The data:
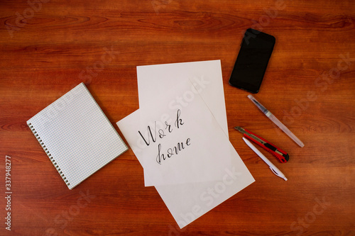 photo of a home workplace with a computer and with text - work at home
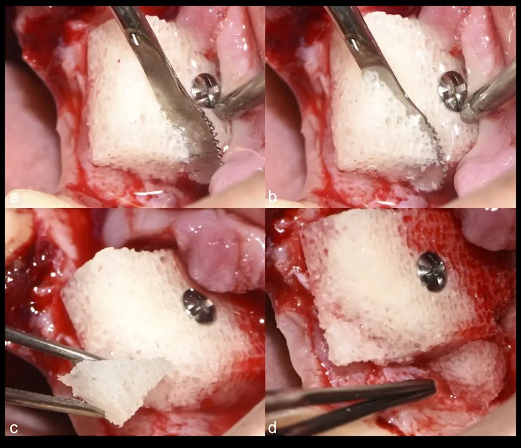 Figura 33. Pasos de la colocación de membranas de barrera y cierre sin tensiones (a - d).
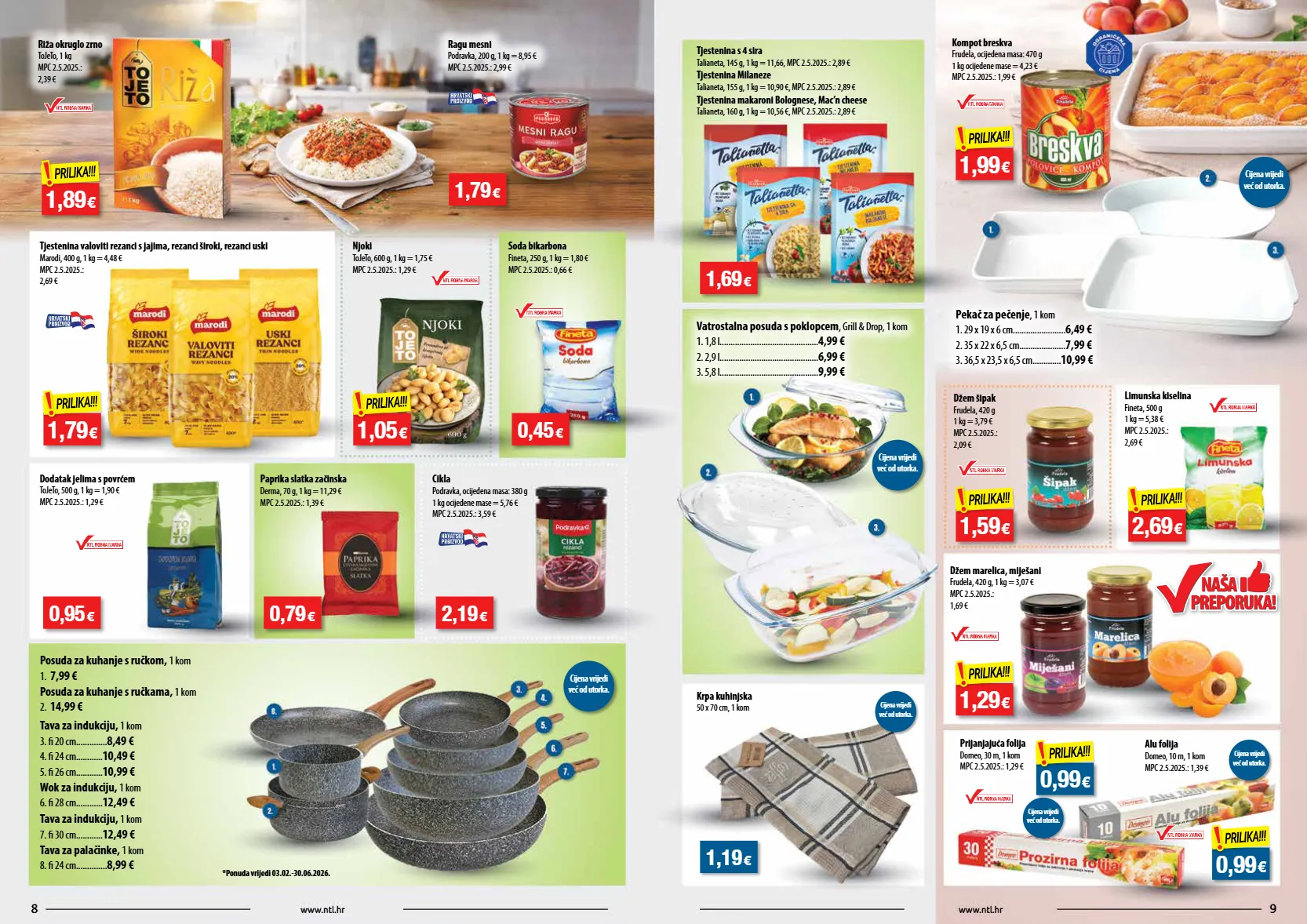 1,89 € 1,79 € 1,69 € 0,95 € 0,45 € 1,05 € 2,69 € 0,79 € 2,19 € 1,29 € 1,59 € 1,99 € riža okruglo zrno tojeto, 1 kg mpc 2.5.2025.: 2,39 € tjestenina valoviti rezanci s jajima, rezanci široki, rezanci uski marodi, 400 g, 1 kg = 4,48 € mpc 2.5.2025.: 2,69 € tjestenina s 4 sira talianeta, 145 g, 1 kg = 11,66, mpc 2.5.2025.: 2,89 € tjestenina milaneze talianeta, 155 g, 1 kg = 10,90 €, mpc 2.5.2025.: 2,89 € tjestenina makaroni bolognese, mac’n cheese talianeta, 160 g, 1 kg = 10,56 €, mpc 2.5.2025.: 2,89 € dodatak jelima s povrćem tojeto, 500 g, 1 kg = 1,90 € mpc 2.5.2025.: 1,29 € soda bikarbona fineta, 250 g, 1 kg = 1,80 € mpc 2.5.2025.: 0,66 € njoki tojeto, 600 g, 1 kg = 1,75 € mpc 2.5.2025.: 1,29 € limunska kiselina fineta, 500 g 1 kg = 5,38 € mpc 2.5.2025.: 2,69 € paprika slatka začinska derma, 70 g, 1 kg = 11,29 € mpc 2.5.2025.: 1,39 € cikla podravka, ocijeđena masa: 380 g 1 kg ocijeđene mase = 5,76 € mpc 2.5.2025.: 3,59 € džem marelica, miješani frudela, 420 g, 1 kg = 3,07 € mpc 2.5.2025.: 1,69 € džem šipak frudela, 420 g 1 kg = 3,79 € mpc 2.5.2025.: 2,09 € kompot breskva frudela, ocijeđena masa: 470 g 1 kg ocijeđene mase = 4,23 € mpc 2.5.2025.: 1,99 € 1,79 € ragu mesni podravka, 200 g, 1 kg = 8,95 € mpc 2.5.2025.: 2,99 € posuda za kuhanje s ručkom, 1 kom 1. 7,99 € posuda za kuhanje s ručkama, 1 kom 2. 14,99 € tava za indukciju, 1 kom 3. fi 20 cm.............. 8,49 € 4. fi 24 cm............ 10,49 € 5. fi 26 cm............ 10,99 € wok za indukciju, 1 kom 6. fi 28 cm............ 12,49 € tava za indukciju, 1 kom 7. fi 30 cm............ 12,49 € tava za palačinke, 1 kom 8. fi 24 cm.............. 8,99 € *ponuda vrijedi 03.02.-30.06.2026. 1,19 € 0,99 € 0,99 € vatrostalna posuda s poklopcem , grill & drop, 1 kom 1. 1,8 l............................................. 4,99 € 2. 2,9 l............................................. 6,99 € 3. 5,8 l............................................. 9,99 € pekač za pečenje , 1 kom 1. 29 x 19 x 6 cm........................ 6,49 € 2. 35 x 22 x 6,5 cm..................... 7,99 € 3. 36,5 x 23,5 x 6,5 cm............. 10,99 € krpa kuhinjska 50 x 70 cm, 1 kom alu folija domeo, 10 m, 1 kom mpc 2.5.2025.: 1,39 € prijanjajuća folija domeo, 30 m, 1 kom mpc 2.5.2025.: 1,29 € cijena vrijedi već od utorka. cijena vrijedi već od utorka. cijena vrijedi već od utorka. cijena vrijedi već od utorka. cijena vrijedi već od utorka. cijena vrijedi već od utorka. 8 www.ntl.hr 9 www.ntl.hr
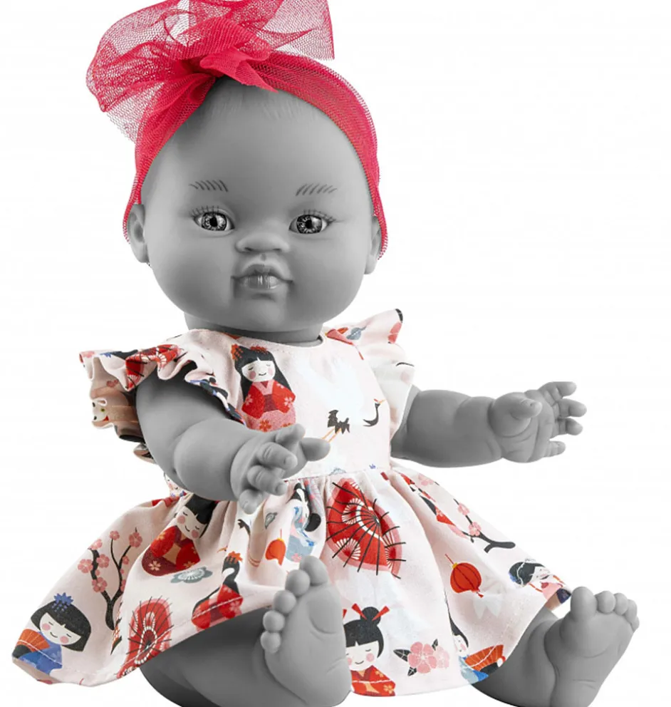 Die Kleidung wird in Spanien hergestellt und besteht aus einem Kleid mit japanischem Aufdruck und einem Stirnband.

* * *

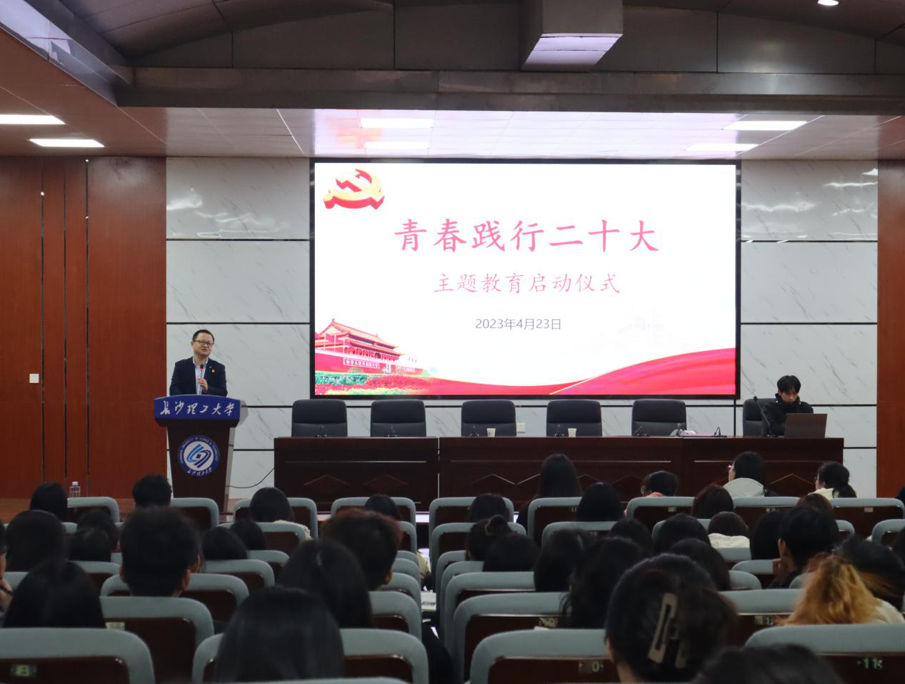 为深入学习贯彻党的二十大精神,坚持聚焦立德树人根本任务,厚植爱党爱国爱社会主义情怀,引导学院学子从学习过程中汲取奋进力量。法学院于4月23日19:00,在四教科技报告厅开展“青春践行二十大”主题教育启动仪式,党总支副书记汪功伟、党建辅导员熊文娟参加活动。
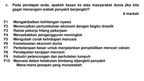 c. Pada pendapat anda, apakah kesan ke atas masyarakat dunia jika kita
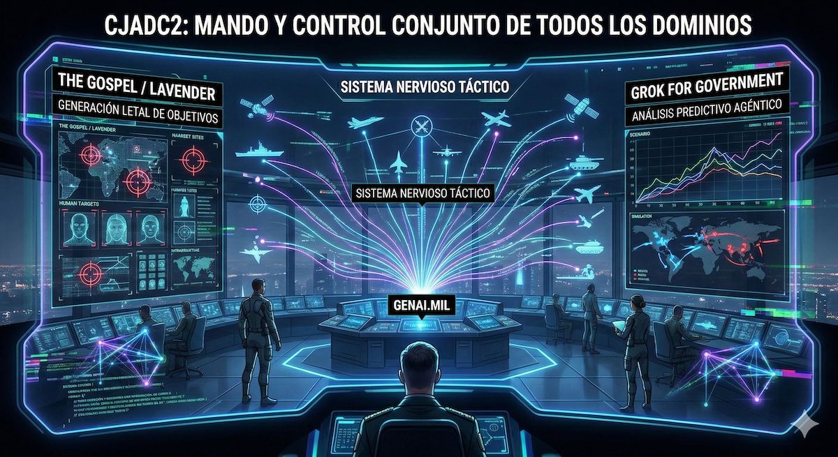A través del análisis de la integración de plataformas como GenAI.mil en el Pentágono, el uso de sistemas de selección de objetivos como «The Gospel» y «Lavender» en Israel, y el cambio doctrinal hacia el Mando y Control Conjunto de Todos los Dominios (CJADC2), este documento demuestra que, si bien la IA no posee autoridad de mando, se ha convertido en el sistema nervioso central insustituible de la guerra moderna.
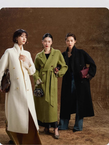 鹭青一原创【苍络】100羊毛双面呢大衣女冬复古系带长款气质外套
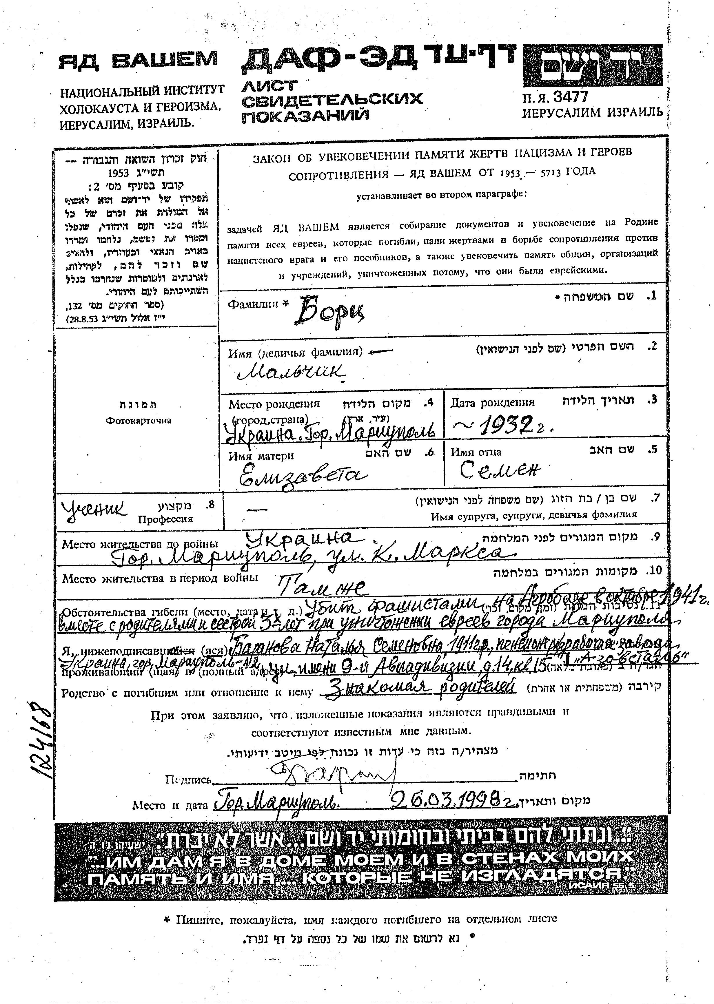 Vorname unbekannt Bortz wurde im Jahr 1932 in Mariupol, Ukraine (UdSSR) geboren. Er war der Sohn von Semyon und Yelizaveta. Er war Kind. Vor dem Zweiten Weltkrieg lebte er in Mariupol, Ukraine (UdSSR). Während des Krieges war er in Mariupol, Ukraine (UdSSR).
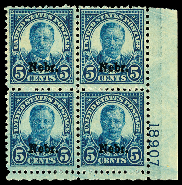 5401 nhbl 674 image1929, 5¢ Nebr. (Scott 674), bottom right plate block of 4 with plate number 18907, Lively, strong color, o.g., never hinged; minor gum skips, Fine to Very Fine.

---

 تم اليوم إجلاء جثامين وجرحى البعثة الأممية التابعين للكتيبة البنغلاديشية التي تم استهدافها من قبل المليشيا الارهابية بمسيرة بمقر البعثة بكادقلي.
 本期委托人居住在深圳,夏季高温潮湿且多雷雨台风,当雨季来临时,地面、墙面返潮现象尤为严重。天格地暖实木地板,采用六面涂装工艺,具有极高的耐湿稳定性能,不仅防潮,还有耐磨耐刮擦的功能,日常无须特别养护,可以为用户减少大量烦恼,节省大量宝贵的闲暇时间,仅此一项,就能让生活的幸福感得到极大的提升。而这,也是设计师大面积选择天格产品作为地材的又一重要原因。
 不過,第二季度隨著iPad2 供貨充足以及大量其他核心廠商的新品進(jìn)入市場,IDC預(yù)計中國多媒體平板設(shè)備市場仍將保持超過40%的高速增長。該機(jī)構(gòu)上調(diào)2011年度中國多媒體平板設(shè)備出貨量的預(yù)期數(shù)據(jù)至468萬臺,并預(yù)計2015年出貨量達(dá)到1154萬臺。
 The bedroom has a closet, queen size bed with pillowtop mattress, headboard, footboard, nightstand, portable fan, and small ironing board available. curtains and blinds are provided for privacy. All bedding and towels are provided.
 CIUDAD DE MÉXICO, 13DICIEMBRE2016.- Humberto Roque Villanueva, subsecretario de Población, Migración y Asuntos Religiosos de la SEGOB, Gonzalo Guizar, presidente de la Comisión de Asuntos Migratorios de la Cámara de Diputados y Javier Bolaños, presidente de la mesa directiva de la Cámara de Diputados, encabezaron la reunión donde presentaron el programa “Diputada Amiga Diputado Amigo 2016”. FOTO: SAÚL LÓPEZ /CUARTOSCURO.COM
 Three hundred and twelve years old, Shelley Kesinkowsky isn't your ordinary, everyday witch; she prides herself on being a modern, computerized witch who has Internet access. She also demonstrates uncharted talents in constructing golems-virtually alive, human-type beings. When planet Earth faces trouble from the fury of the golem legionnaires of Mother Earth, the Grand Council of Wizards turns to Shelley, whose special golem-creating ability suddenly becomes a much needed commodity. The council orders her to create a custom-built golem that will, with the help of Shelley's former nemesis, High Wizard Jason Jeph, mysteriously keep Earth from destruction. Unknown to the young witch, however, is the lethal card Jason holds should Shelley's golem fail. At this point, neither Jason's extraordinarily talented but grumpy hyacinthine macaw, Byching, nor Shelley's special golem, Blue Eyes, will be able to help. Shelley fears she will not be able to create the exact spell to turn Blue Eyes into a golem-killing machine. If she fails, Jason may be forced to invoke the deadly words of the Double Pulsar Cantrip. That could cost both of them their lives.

What you need to do:
The response should hold exactly the lines starting at the line with "The bedroom has" and ending at the line with "CIUDAD DE MÉXICO, 13DICIEMBRE2016.- Humberto", and no other line of the material above.

Your response:
 The bedroom has a closet, queen size bed with pillowtop mattress, headboard, footboard, nightstand, portable fan, and small ironing board available. curtains and blinds are provided for privacy. All bedding and towels are provided.
 CIUDAD DE MÉXICO, 13DICIEMBRE2016.- Humberto Roque Villanueva, subsecretario de Población, Migración y Asuntos Religiosos de la SEGOB, Gonzalo Guizar, presidente de la Comisión de Asuntos Migratorios de la Cámara de Diputados y Javier Bolaños, presidente de la mesa directiva de la Cámara de Diputados, encabezaron la reunión donde presentaron el programa “Diputada Amiga Diputado Amigo 2016”. FOTO: SAÚL LÓPEZ /CUARTOSCURO.COM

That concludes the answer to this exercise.